Football awakens? All-Pakistan Challenge Cup looms [Express Tribune]

Football awakens? All-Pakistan Challenge Cup looms [Express Tribune]

by Natasha Raheel

KARACHI: Top clubs confirmed their participation in the All-Pakistan Football Challenge Cup that will begin in Peshawar’s Qayyum Stadium on October 1.

The event is being organised by the Khyber-Pakhtunkhwa Football Association (KPFA), with Pakistan Premier Football League (PFFL) champions K-Electric, four-time PPFL champions KRL, Wapda, PAF and PIA competing among 12 teams for the trophy and Rs100,000 in prize money.

The event will be played on league basis with three teams in four groups. The final will be played on October 19, according to the KPFA Secretary Basit Kamal.

The tournament is being viewed as a good sign in the current circumstances of football in the country, as players and departments await competitive action in the absence of the PPFL and other domestic events that are usually organised by the Pakistan Football Federation (PFF).

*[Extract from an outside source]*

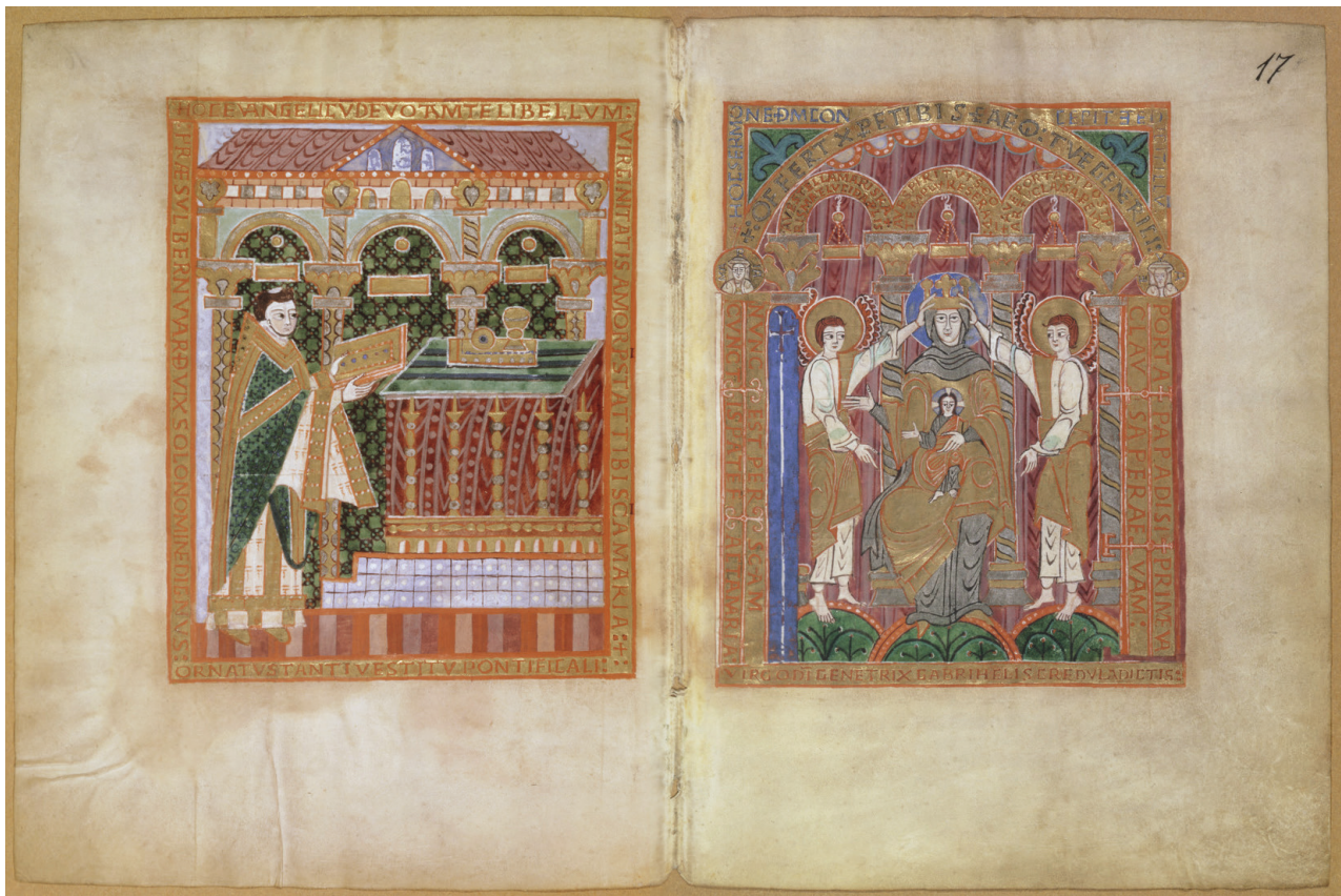
Abb. 4: Hildesheim, Kostbares Evangeliar, um 1015, Widmungsbild und Marienkrönung, fol. 18v und 17r AA

Landschaft um Hildesheim. Die heidnische Wildnis wird missioniert und durch die Bistums- beziehungsweise Klostergründung zu einem lokal verorteten Vorschein des versprochenen Paradieses. In dieser Überblendung bekommt die grüne Bodenplatte der Madonna eine weitere Bedeutungsschicht: Sie bezieht das lokale Erdreich in das Gnadenbild ein.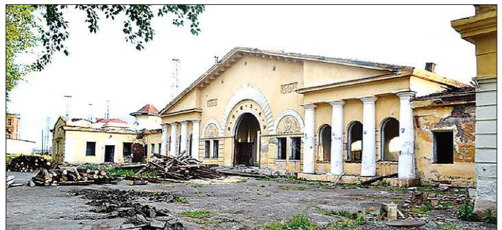
К концу июня на месте старого вокзала будет чистая площадка

В соответствии с Федеральным законом от 03.11.2006 № 174-ФЗ «Об автономных учреждениях» и постановлением Правительства Свердловской области от 30.01.2009 № 64-ПП «Об утверждении форм отчётов о деятельности государственного автономного учреждения Свердловской области и об использовании закреплённого за ним имущества» ГАОУСО «Редакция газеты «Сельская новь» публикует отчёт о деятельности государственного автономного учреждения и отчёт об использовании имущества, закреплённого за государственным автономным учреждением, за 2015 г. на портале www.pravo.gov66.ru в разделе: «Официальная информация юридических лиц».

The KPFA is funding the event on its own, while the PFF is still a controversial entity with two rival factions — Makhdoom Faisal Saleh Hayat’s group is being backed by FIFA while the Lahore High Court has appointed PFF administrator Asad Munir at the federation’s headquarters.

Munir has approved of the All-Pakistan Challenge Cup.

“It is a good sign that the departments are sending their teams to Peshawar,” KRL coach Sajjad Mehmood told The Express Tribune. “We are trying to play any local tournament that we can. We haven’t had PPFL, and then the PFF Challenge Cup didn’t take place either, so we’re deprived of football events that matter.”

KRL will also be playing in Multan at a separate All-Pakistan tournament that will begin this week.

Meanwhile, PAF coach Arshad Khan said the event will help the departments keep their players, or else the footballers will suffer the agony of losing their jobs.

“Keeping their jobs is the players’ top priority, so if they don’t have any tournaments to play, the departments wouldn’t keep them,” said Arshad. “It’s good that this tournament is taking place, but ultimately none of it would matter if the PFF issue isn’t settled.”

Published in The Express Tribune, September 24th, 2016.